What does the United States have in common with Cuba, China, North Korea, Venezuela, Iran, Saudi Arabia, Yemen, Uganda, and other bastions of human rights around the world?
They are: Cuba, China, Egypt, Greece, Iran, Jamaica, Mexico, Nigeria, North Korea, Pakistan, Saudi Arabia, Singapore, Somalia, South Korea, Sudan, Syria, Turkey, United Arab Emirates, Uganda, United States, Venezuela, and Yemen
They are: Cuba, China, Egypt, Iran, Jamaica, Nigeria, North Korea, Pakistan, Saudi Arabia, Singapore, Somalia, Sudan, Syria, United Arab Emirates, Uganda, United States, and Yemen
We, in the United States, like to think of ourselves as an "advanced" country and a democracy, where all are created equal, but when it comes to banning homosexuals in the military and using the death penalty, the company we keep is antithetical to democracy.
John McCain, the Republican, Baptist Senator of Arizona, has done it again. He's contradicted his younger, more principled self in his desperate bid to win reelection in the face of of Tea Party pressure, and this time, the lives of young people, who were raised and educated in the U.S.A., people as American than you and me, are at risk.
McCain pulled his support from the DREAM Act, which would offer a path to citizenship for young adults who were brought to the U.S.A. as children by their parents, who were raised in the U.S.A, and who have graduated from high school and seek or have received a college education in the U.S.A. These children were too young to willfully break any U.S. law, when brought over the border. (You can see which senators voted for or against the DREAM Act last time it was up for cloture in 2007 by clicking here. McCain, who supported the legislation at the time, was not present for the important vote.)
These young adults, who have lived their lives in the U.S., now face deportation to a nation of which they have few or no memories, only because they were born there, something they share in common with McCain, who was born in Panama, while his dad was stationed there.
The students arrested are members of DreamActivist.org, which is fighting for the rights of undocumented students. Here is the link to Dream Activist's YouTube channel, where you can hear the stories of undocumented students and learn how to support them.
Mohammed Alibelik-Abdollani, one of the arrested activists, is featured in an embedded video below. His parents brought him here from Iran. He is gay and faces deportation to Iran where homosexuals can get the death penalty. (346 were executed in 2008.) He's risking death to stand up for what is right, to challenge the injustices of the American Dream that have been tainted by fear and racism.
These young adults are as American and you and me. Watch the videos below. As college graduates, they have a far better vocabulary than the uneducated American masses that preach hatred and fear of immigrants.
Senator McCain understands the students’ frustrations, but elections have consequences and they should focus their efforts on the President and the Democrats that control the agenda in Congress.

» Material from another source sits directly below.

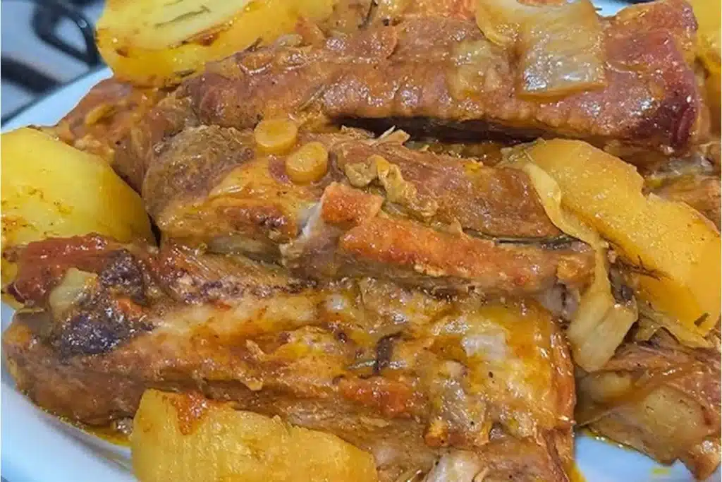 - Desligue o fogo, transfira a carne com o molho para uma travessa, junte as batatas, sirva e saboreie sua apetitosa costelinha de porco! Bom apetite!

And, to blame the President and the Democrats? Please. The Democrats are at the mercy of the filibustering Republican minority. They don't have the votes for cloture on anything right now, and with moderate Republicans, like McCain, hypocritically opposing legislation they once supported in a desperate wooing of the Tea Party, nothing is getting through the Senate. But, yes, blame the Democrats, McCain. Don't take responsibility for your own actions. The fact is that both Democrats and Republicans have failed these young Americans, who face deportation to a foreign land that they ony know only by birth.
"The DREAM Act would fix one of the clearest examples of America's nonsensical immigration laws," said Frank Sharry, Executive Director of America's Voice, an immigrant advocacy organization. "For too long, high school valedictorians and college graduates have been unable to fully live up to their potential."
But, John McCain would rather throw them under the Straight Talk Express.
An editorial in the New York Times challenges both Democrats and Republicans for having failed on immigration reform and failing the hundreds of thousands of youth, who despite their places of birth, are American. Here's a piece of the editorial:
Who else has shown such courage in the long struggle for immigration reform? Not Mr. McCain, who ditched his principled support of rational immigration legislation to better his odds in a close re-election campaign against a far-right-wing opponent. Not President Obama, who has retreated to lip service and vagueness in his calls for reform. Not his administration. The Justice Department has stood by as a civil-rights coalition — the American Civil Liberties Union, Maldef, the N.A.A.C.P., the National Day Laborer Organizing Network and others — has swiftly sued to block the Arizona law.
Other supposed defenders of immigrants, Democrats in Congress, have lost their voices. Senators Charles Schumer, Robert Menendez and Harry Reid, mindful of November elections and frustrated Latino voters, have unveiled a blueprint for immigration reform that parrots Republican talking points about clamping down the southern border and treating the undocumented as a swelling tide of criminals.
Good immigration reform needs a good bill, and the administration and the president and Democratic leaders haven’t yet offered or convincingly fought for one. The fight for reform is stalled.